Pay cuts climbdown could mar whole budget strategy
INSIDE POLITICS:The Coalition may not be out of the woods yet over what many see as special treatment for more than 600 top public servants, writes STEPHEN COLLINS
THE PETERING out of the latest peasants’ revolt in the Fianna Fáil parliamentary party over the Government’s climbdown on pay cuts for top civil servants has encouraged the belief among Ministers that all is set fair for another two and a half years in office.
The placid mood in Leinster House during the week has lent substance to the view that the Coalition may be over the worst. There is certainly a view in Fianna Fáil that the corner has been turned and things can only get better but it may not be as simple as all that.

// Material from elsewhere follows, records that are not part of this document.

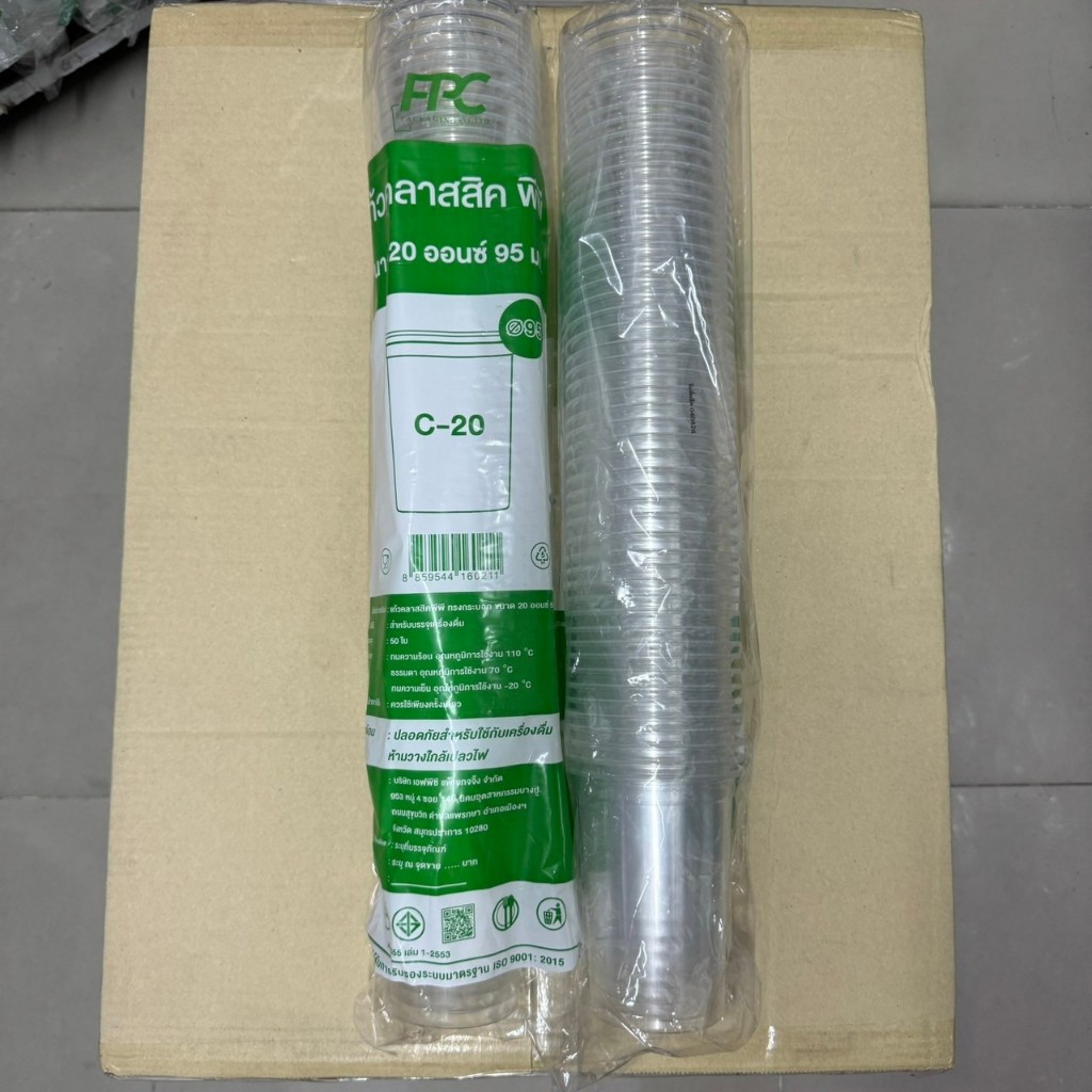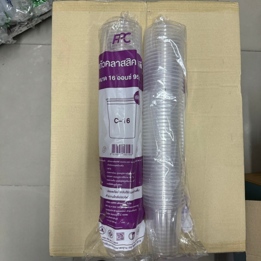 แก้วพลาสติก ทรงคลาสิค เนื้อ PP ขนาด 16, 20, 22 oz ปาก 95 mm. ใช้กับฝาขนาด 95 ได้ทุกชนิด จำนวน 50 ใบ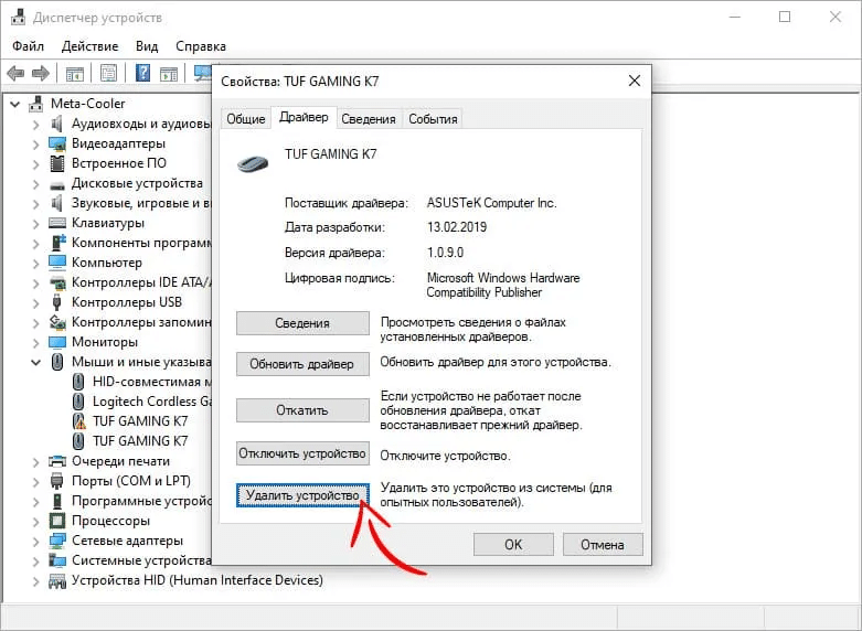 В Диспетчере устройств щелкните правой кнопкой мыши по устройству и выберите Удалить устройство.
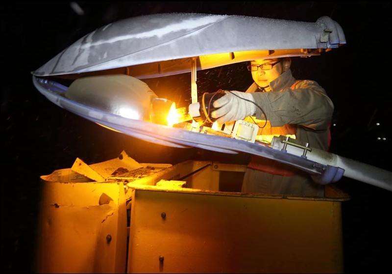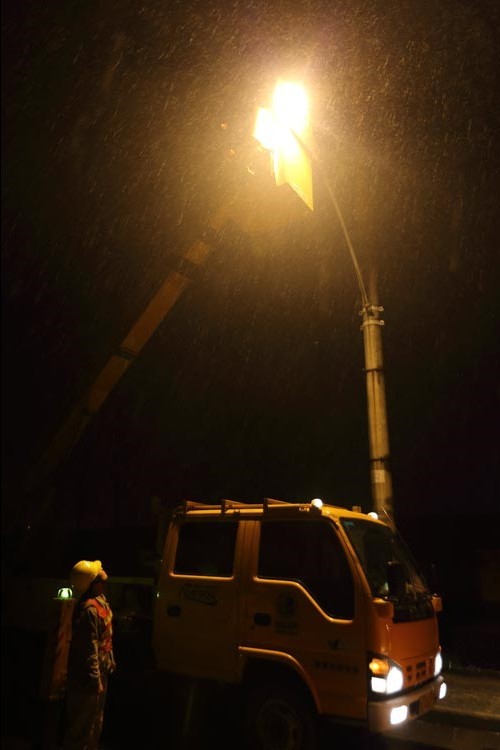 圖為諸暨市供電局搶修隊員在城市工業(yè)區(qū)冒雪檢修故障路燈。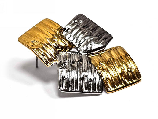 Γυναικεία Σκουλαρίκια με Γεωμετρικό Σχέδιο και Διχρωμία Χρυσού-Ασημί | 2512-334X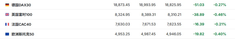 2.截至发稿,德国DAX指数跌0.27%,英国富时100指数跌0.46%,法国CAC40指数跌0.21%,欧洲斯托克50指数跌0.40%。
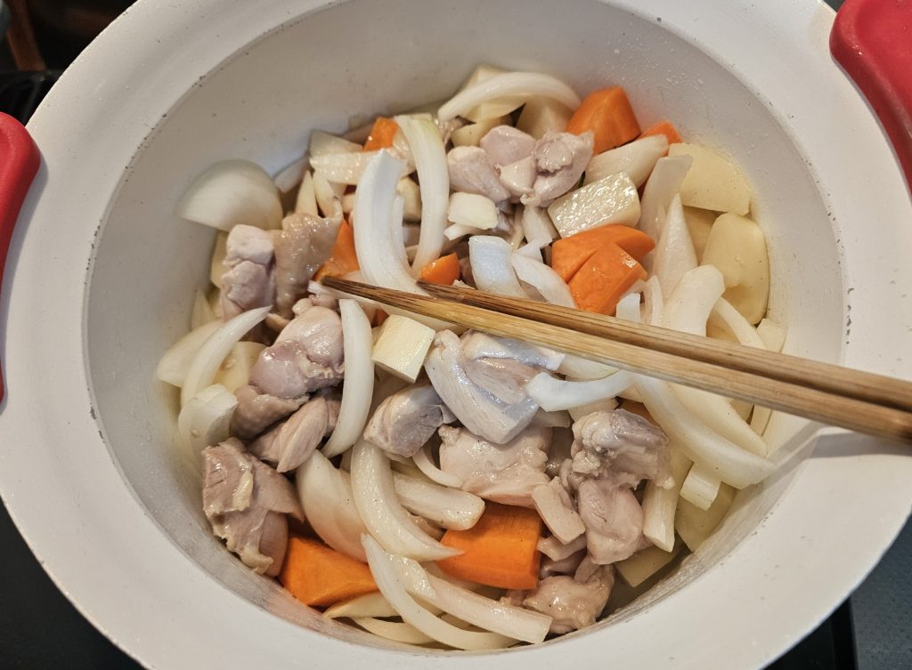 その後は、玉ねぎ・ジャガイモ・ニンジンを投入です!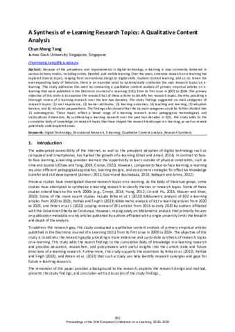 Tang, Chun Meng (2025) A Synthesis of e-Learning Research Topics: A Qualitative Content Analysis. In: Proceedings of the 24th European Conference on e-Learning. pp. 262-270. From: 24th European Conference on e-Learning, 23-24 October 2025, Copenhagen, Denmark.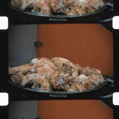 Making fried chicken camping in station wagon
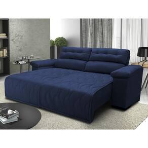 Sofá 2,72m Retrátil E Reclinável Com Molas Cama Inbox Top Tecido Suede Velusoft Azul Um modelo exclusivo e requintado, o sofá Cama inBox Top é um modelo maravilhoso. Com design único e inovador, todo o seu assento é feito com bordado pantográfico, dando um toque mais elegante e moderno a este modelo. Feito com espuma D33 e envolvida com manta grossa de fibra siliconada, seu conforto e qualidade são garantidos. Sinta-se abraçado(a) pelo conforto do Maravilhoso Sofá Cama inBox Top! Características: -Encosto Reclinável com 5 posições, almofadas fixas compostas de 80% fibra siliconada e 20% flocos de espuma e percintas elasticas para maior conforto. -Assentos: Retráteis com espuma D33 envolvidas em manta grossa de fibra SILICONADA compactada, Molas espiral, percintas Pneumáticas com feltro para proteger do atrito com as molas. -Braços almofadados com 80% fibra e 20% flocos de espuma. -Fixação: Grampos galvanizados -Estrutura de Madeira maciça 100% eucalipto de reflorestamento, produto ecologicamente correto -Tecido suede com toque aveludado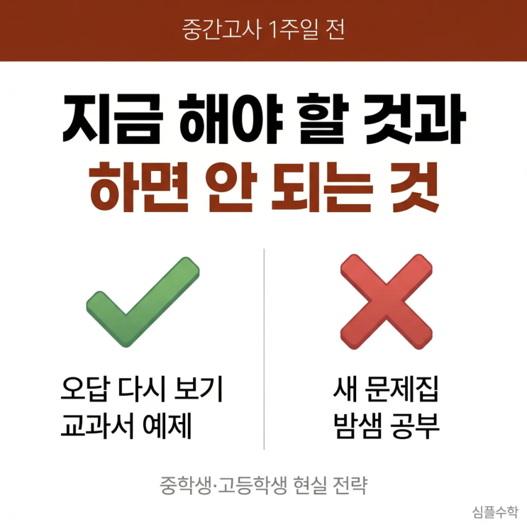 중간고사 1주일 전, 지금 해야 할 것과 하면 안 되는 것 — 중고등학생 현실 대비법

The failure of the mutiny led by Tipperary South TD Mattie McGrath against the Government’s decision to do a U-turn on the scale of the pay cuts for about 600 or so highly paid public servants has fuelled the view at the top in Fianna Fáil that all the major political hurdles are now out of the way.
At the parliamentary party meeting last Tuesday evening, the rebellion was crushed comprehensively.
Minister for Finance Brian Lenihan stoutly defended the decision to modify the salary cuts for public servants in receipt of bonuses and the few speakers against his strategy got little support.
It prompted Labour frontbencher Pat Rabbitte to remark in the Dail the following day: “Deputy Mattie McGrath has made so many false starts that were he a horse, he would have to be put down.”
While the remark naturally caused some amusement, it detracted from the serious point that McGrath was trying to make.
Whatever Ministers may think, the decision to let some of the highest paid public servants off the hook has the capacity to do serious damage to the credibility of the Government’s budgetary strategy.
Pursuing that strategy of cutting public spending has taken a lot of political courage and skill and, to its credit, the Coalition, at the instigation of Lenihan, adopted the right budget and got it through the Dáil.
The benefits of that strategy are being reaped already. Just in the nick of time Ireland managed to escape from the status of “the sick man of the EU” and leave it to Greece.
Over the past month the problems facing the Greeks have threatened to spin out of control and leave the country defaulting on its debt.
Were we still bracketed with Greece, we would now be facing far higher interest rates on the national debt with the prospect of national bankruptcy looming in the longer term.
Instead, as a result of a budget that showed the Government’s determination to get public spending under control, our international rating has improved and with it our long-term prospects of recovery.
This was the background against which the Government decided just before Christmas to mitigate the impact of public service pay cuts for some of the highest earners in the system. The message could not have been more damaging in terms of undermining the credibility of the Coalition’s budgetary strategy.
While there is a certain logic in what the Government has done, it made no sense politically.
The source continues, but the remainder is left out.